* WHAT IS REQUIRED: From the line below containing "DIANE von FURSTENBERG 빨검 패턴 원피스 사이즈 2" to the final line, print each line exactly as written. No pictures belong in the copy.

* RECORDED DATA:
------------------------------------

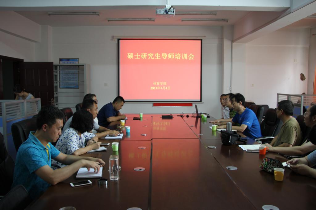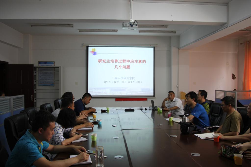 2017年7月4日下午,体育学院研究生导师培训会在学院研究生教室举行。会议由院长曹电康教授主持,并邀请山西大学裴雁曦教授、刘生杰教授作报告,另外,体育学院王晓刚副院长及10多名硕士生导师参加会议。
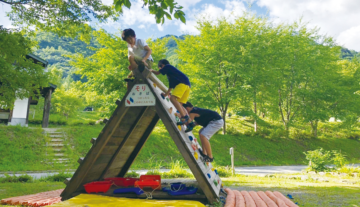 遊具や2つの池が場内に点在。流葉エリアでは自然散策や登山も楽しめます。
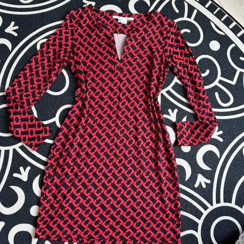 DIANE von FURSTENBERG 빨검 패턴 원피스 사이즈 2
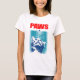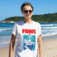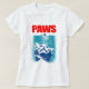 Paws features the perfect sea monster on textured water background with it's unsuspecting prey above. This design has bold red text and is based on a 1980's themed. #paws #cats #retro #predator #feline #mouse #colorful #popculture #1980's #humor #animal #cute

------------------------------------

* SOLUTION TO THIS EXERCISE:
 DIANE von FURSTENBERG 빨검 패턴 원피스 사이즈 2
 Paws features the perfect sea monster on textured water background with it's unsuspecting prey above. This design has bold red text and is based on a 1980's themed. #paws #cats #retro #predator #feline #mouse #colorful #popculture #1980's #humor #animal #cute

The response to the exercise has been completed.